Someone sexually assaults a teenage girl. They steal her agency, disrespect her bodily autonomy, and disregard her ‘no.’ She asks for help. The adult she tells ignores it, diminishing her suffering, thus punishing her courage to disclose the assault. The teenage girl is left to address her pain in whatever way she can grasp.
You know this girl. I know this girl because, sadly, I am her. But, we all know this girl whether we realize it or not since teenagers account for 51% of all reported sexual abuse.
Starting March 23rd via Youtube Originals, Demi Lovato released a four-part documentary series on her struggle with drug addiction that led to a near-fatal overdose in 2018. In the second episode of the series, viewers learn Demi Lovato’s overdose took place when none of the people closest to her even knew she had relapsed. She called her dealer that night in secret. The dealer supplied her with “aftermarket pills,” which she did not realize were laced with Fentanyl. That dealer then raped her when she was not in a lucid state to give consent. And as Demi put it, he “left her for dead.”
We all love a redemption story. In the following episodes, we want to hear how Demi removed that evil person from her life, got clean, stayed clean, found peace and spiritual healing. But, recovery, especially in the face of sexual trauma, is rarely linear. In the third episode of Dancing with the Devil, Demi Lovato reveals that after leaving a week-long trauma retreat, she called the rapist drug dealer back, took drugs from him again, and had sex with him.
There are plenty of ways viewers might cast judgment on Demi for having sex with someone who raped and almost killed her, but none of them are right. Some victims interact with an abuser post-assault. There is nothing disgraceful about it. Sadly, it’s a possible rape trauma syndrome response.
During Harvey Weinstein’s trial, his defense attorneys tried to argue that the victims’ continued contact with Weinstein somehow discounted the rapes. But the prosecution brought in a forensic psychiatrist, Barbara Ziv, who testified that sexual assault victims actually “almost always” return to their assailants. In Demi’s case, she re-engages sexually with the man who raped her as a way to reclaim her agency and feel “in control of the situation.” She reflects later that having sex with him only left her in more emotional distress. A July 2020 article on Psychology Today expands upon reasons why victims might attempt to “reframe” a sexual assault as a means of coping. And experts who worked with ABC News also confirm that some sexual assault victims begin or continue a relationship with an assailant to address the lack of control they felt during the assault. According to that expert, there is no data on how often this phenomenon occurs. But we know that it happens.
In Demi Lovato’s documentary, she also shares that she was the teenage girl we all know. During her time with Disney, another worker raped her, and she had to see the abuser regularly. Back then, she also went on to have consensual sex with the rapist after the rape.
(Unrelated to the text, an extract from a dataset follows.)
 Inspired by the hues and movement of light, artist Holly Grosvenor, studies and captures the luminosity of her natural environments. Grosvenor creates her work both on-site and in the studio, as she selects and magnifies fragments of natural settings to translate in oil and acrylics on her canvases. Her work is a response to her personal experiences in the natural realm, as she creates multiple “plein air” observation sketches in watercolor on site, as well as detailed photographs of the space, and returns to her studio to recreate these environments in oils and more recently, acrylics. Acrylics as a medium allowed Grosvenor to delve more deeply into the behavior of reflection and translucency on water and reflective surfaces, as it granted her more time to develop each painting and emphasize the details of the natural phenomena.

Sometimes, when we’re in pain, we seek more hurt to mask that pain before accepting that there are other or better interventions.
I’ve never struggled with substance dependency or the addictive nature of drug abuse. Yet in the past, I’ve still been vulnerable enough to return to an abuser post-assault. Another article I wrote explores some of the reasons why revictimization can occur. Interestingly, Demi Lovato and I share an aspect of our trauma history that might explain why people like us interact with our abusers. When I was a teenager, I was also sexually assaulted by someone I knew. Adults in my life subsequently forced me to interact with him regularly. That changes you. It helps you diminish what happened, teaches you to accept abusers despite their actions, and disrespects your inner being. You are being taught during your formative years that you, your experiences, and your right to your own body do not matter. And that isolated and hurting little teenage girl follows us into adulthood when we, in turn, become her ignorers. Perhaps our rationale is similar to the tree falling in a forest conundrum. If no one is around to hear the impact as the tree hits the ground, did it make a sound? If we do not admit to even ourselves that an assault happened and if we move forward as though it didn’t, do we carry the wound of violation or the burden of victimhood?
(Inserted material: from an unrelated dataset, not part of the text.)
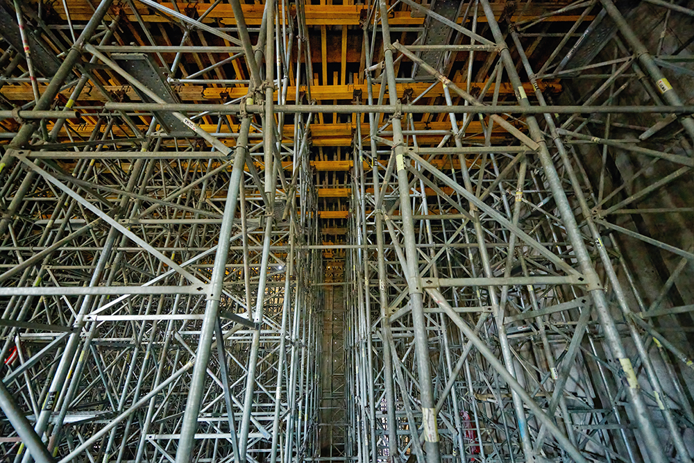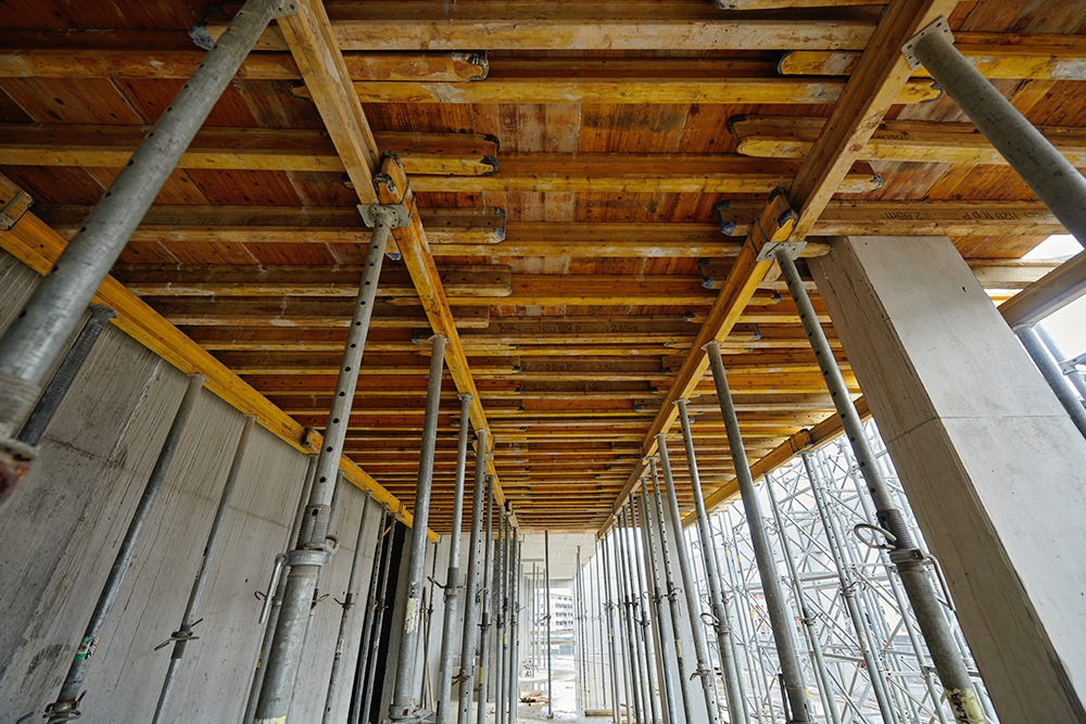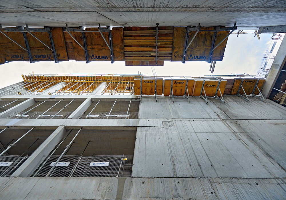 Do realizacji ścian, słupów i belek wykorzystano system ścienny ORMA. Do podparcia stropów auli posłużyły wieże T-60. Z uwagi na ich elastyczność i możliwość dopasowania do różnej geometrii doskonale sprawdziły się podczas budowy wysokich ścian auli, które wykonywane były jednoetapowo. Rusztowanie BRIO zapewniło swobodną komunikację podczas prac budowlanych. Stropy zostały wykonane za pomocą systemu ENKOFLEX. Do realizacji wysokich słupów posłużył system ORMA i TUBUS.

Though Demi did not state it this way, I would argue her reaction to the rape that occurred in her adulthood is somewhat a product of her mistreatment as a teenager. That’s not to say survivors have no agency in future decision-making when someone from the past has wronged them. But, there are layers of abuse and retraumatization, which means there will most likely be layers to and hiccups along with Demi’s healing.
Regarding Demi’s relapse, her case manager, Charles Cook, offers a powerful perspective I think relates to the rape response as well. When we watch someone take what seems like nonsensical actions in the wake of trauma, we say, “How could you do this? How could you put yourself in this position again?” But, as Charles Cook says, the reaction ought to be “Oh my gosh. You must have been in so much pain to put yourself in that position again.”